Cabrillo thought about it for a minute. The rest of his team was handling security for the emir. For the last few days, Cabrillo had been staying aboard the Oregonand tending to corporate business. He was bored and felt like a racehorse in a stall.

“I’ll take the job,” Cabrillo said. “My people have this end controlled.”

“Whatever floats your boat,” Overholt said.

“I only need to fly over and pick something up, right?”

“That’s the drill.”

“What is it?”

“A meteorite,” Overholt said slowly.

“Why in the world does the CIA want a meteorite?” Cabrillo asked.

“Because we think it might be made of iridium, and iridium can be used to construct a ‘dirty bomb.’”

“What else?” Cabrillo asked, now becoming wary.

“You need to steal it from the archaeologist who found it,” Overholt said, “preferably without him knowing.”

Cabrillo paused for a second. “Have you looked in your den lately?”

“What den?” Overholt said, taking the bait.

“The den of vipers where you live,” Cabrillo said.

“So you’ll take the job?”

“Send me the details,” Cabrillo said. “I’ll leave in a few hours.”

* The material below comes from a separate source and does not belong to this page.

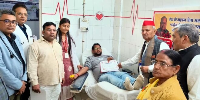 फतेहपुर। देश के पूर्व रक्षामंत्री एवं उत्तर प्रदेश के पूर्व मुख्यमंत्री नेताजी मुलायम सिंह यादव के जन्मदिन पर रक्तदान शिविर का आयोजन किया गया। जिसमें एक दर्जन लोगों ने रक्तदान कर ज्यादा से ज्यादा रक्तदान कर दूसरों का जीवन सुरक्षित बनाने की अपील की। रक्तदान शिविर का आयोजन सर्व फार ह्यूमैनिटी फाउंडेशन के सहयोग से किया। शिविर का उद्धघाटन सांसद नरेश उत्तम पटेल व नगर पालिका चेयरमैन राजकुमार मौर्य एडवोकेट व विशिष्ट अतिथि केतकी यादव ने फीता काटकर किया। शिविर का आयोजन फूल सिंह मौर्य के नेतृत्व में हुआ। जिसमें बारह रक्तदाताओं ने रक्तदान किया। रक्तदान करने वालों में तनवीर हुसैन, प्रद्युम कुमार, धनराज कुमार, फूल सिंह मौर्य, दिग्विजय सिंह, प्रभाकर मौर्य, कमलेश पटेल, दीपक कुमार, राजेश कुमार, नूर मोहम्मद, नरेश कुमार गुप्ता, दिग्विजय शामिल रहे। इस मौके पर संस्था सर्व फॉर ह्यूमैनिटी फाउंडेशन से गुरमीत सिंह, जिला चिकित्सालय रक्तकेन्द्र से मुख्य चिकित्सा अधीक्षक राजेश कुमार, विभागाध्यक्ष डॉक्टर वरदवर्धन बिसेन, जेआर, डॉक्टर अभिषेक पटेल, मेडिकल आफिसर डीके वर्मा, परामर्शदाता दीपाली वर्मा, टेक्नोलॉजिस्ट बृज किशोर, दिव्या वर्मा, स्टाफ नर्स पूजा तिवारी, लैब अटेंडेंट अजय यादव, डाटा एंट्री ऑपरेटर शशि प्रकाश उपस्थित रहे।

“Don’t worry—this should be the easiest money the Corporation has made all year. Like a Christmas gift from an old friend.”

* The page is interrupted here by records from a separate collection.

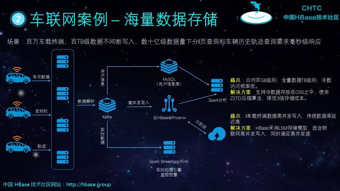 HBase 在风控场景、车联网/物联网、广告推荐、电子商务等行业有这广泛的使用。下面是四个典型案例的架构,由于图片里有详细的文字,我就不再打出来了。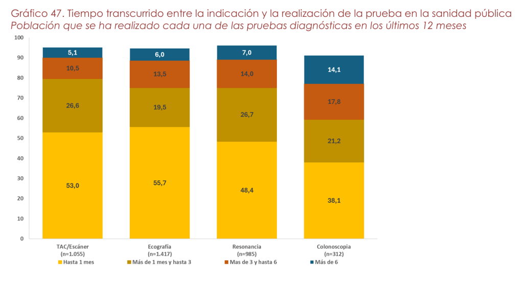 El 55,7 % de las personas que se han hecho una ecografía, el 53% de las que se han hecho un TAC, el 48,4% de las que se han hecho una resonancia y el 38,1% de las que se han hecho una colonoscopia han esperado un mes o menos desde que su médico se la indicó.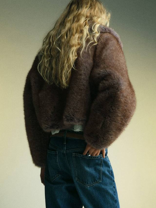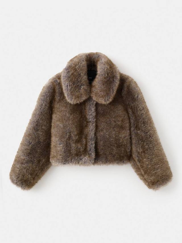 Уютная укороченная куртка из искусственного меха. Классический крой обеспечивает свободу движений, а воротник-стойка и простой дизайн делают её универсальной вещью для любого случая.

“Beware of friends bearing gifts,” Cabrillo said before disconnecting.

AN HOUR LATER, Juan Cabrillo was finishing his last-minute arrangements.

Kevin Nixon wiped his hands on a rag, then tossed it onto a bench in the Magic Shop. The Magic Shop was the department aboard the Oregonthat handled mission fabrications, equipment storage, specialized electronics, disguises and costumes. Nixon was the shop overseer as well as creative inventor.

“Without accurate measurement,” Nixon noted, “that’s the best I can do.”

“Looks great, Kevin,” Cabrillo said, taking the object and placing it in a box that he sealed with tape.

“Take these and these,” Nixon said, handing packets to Cabrillo.

Cabrillo slid the packets into the backpack.

“Okay,” Nixon said, “you have cold-weather clothes, communications gear, survival food and whatever else I thought you might need. Good luck.”

“Thanks,” Cabrillo said. “Now I need to head topside and talk to Hanley.”

Less than an hour later, after making sure Max Hanley, Cabrillo’s second in command, had the operation in Reykjavik progressing properly, Cabrillo caught a ride to the airport for his flight to Greenland. What seemed like a simple matter would grow increasingly complex.

By the time it was over, a nation would be threatened, and people would die.